■ **EXCERPTED DATA**
☆ ☆ ☆

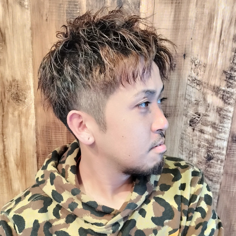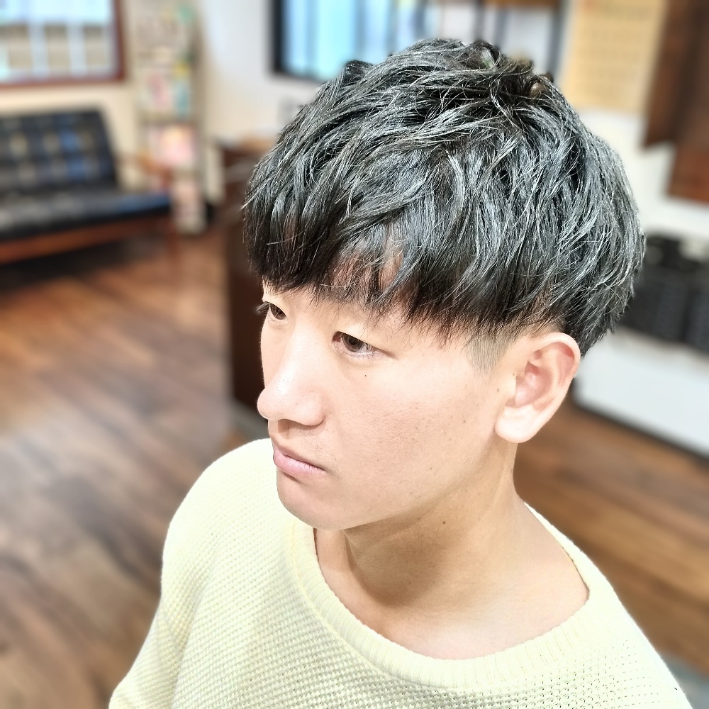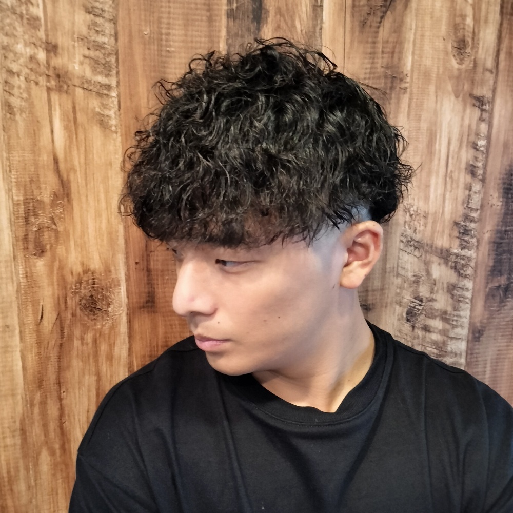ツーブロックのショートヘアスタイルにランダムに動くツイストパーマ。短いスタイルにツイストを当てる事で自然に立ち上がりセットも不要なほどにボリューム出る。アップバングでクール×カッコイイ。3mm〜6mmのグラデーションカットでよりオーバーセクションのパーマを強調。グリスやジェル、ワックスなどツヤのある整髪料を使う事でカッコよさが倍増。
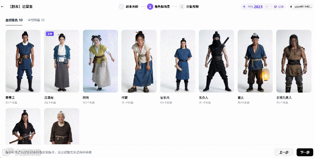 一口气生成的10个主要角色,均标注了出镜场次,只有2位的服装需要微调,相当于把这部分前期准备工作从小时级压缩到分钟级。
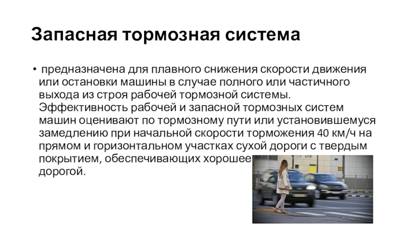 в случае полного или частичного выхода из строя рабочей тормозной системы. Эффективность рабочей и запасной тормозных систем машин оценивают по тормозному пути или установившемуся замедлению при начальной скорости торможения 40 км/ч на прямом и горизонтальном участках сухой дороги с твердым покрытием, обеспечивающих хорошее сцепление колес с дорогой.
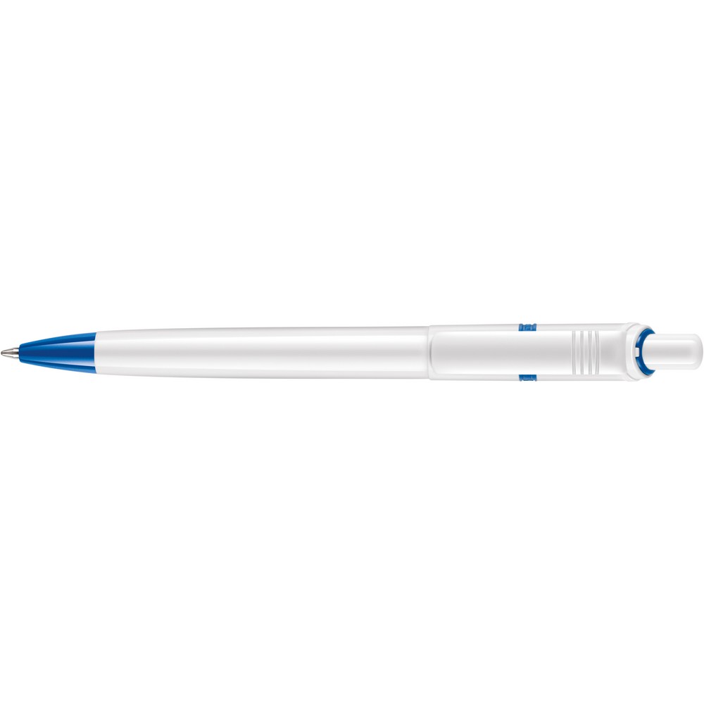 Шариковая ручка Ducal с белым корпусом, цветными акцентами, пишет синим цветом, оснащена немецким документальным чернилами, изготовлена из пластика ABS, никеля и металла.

☆ ☆ ☆

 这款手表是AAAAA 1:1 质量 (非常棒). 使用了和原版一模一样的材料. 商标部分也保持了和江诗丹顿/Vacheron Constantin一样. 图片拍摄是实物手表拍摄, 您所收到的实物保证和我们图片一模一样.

☆ ☆ ☆

■ **TASK OBJECTIVE**
Output exactly the lines of the listing above that start with the one holding "一口气生成的10个主要角色,均标注了出镜" and go on through the one holding "в случае полного"; leave the pictures out.

■ **SOLVED PROBLEM**
 一口气生成的10个主要角色,均标注了出镜场次,只有2位的服装需要微调,相当于把这部分前期准备工作从小时级压缩到分钟级。
 в случае полного или частичного выхода из строя рабочей тормозной системы. Эффективность рабочей и запасной тормозных систем машин оценивают по тормозному пути или установившемуся замедлению при начальной скорости торможения 40 км/ч на прямом и горизонтальном участках сухой дороги с твердым покрытием, обеспечивающих хорошее сцепление колес с дорогой.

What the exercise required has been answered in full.